Display instructional dataset
Organize and process datasets using AI
Access NLPre-PL dataset and pre-trained models
Convert and PR models to Safetensors
ReWrite datasets with a text instruction
Display trending datasets from Hugging Face
Support by Parquet, CSV, Jsonl, XLS
Build datasets using natural language
Display trending datasets and spaces
Manage and label your datasets
Upload files to a Hugging Face repository
Save user inputs to datasets on Hugging Face
Browse and extract data from Hugging Face datasets
Viewer Embed is a tool designed to help users display and interact with instructional datasets in a structured and user-friendly manner. It provides a seamless way to embed datasets into applications or interfaces, making it easier to visualize and work with data.

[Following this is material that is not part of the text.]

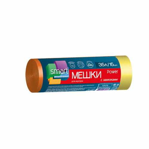 Мусорные мешки 35л/15шт с завязками оранжевые «Smart Power»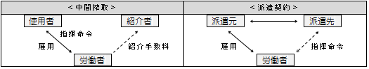□労働者派遣については、派遣元と労働者との間の労働契約関係及び派遣先と労働者との間の指揮命令関係を合わせたものが全体としてその労働者の労働関係となるものであり、したがって、派遣元による労働者派遣は、労働関係の外にある第三者が他人の労働関係に介入することとはならない(平11.3.31基発168号)。(平14択)

• Dataset Visualization: Supports the display of datasets in a readable and organized format.
• Interactive Elements: Allows users to navigate, search, and filter through datasets efficiently.
• Compatibility: Works with various data formats to ensure flexibility and ease of use.
• Customizable Design: Offers options to tailor the appearance of embedded datasets to match different interfaces.
What file formats are supported by Viewer Embed?
Viewer Embed supports a variety of file formats, including CSV, JSON, and Excel files, to ensure compatibility with different dataset sources.
Can Viewer Embed be customized to match my application's design?
Yes, Viewer Embed offers customization options to align its appearance with your application's design, including color schemes and layout adjustments.
Do I need an internet connection to use Viewer Embed?
No, Viewer Embed can be used offline once it has been properly installed and configured in your application.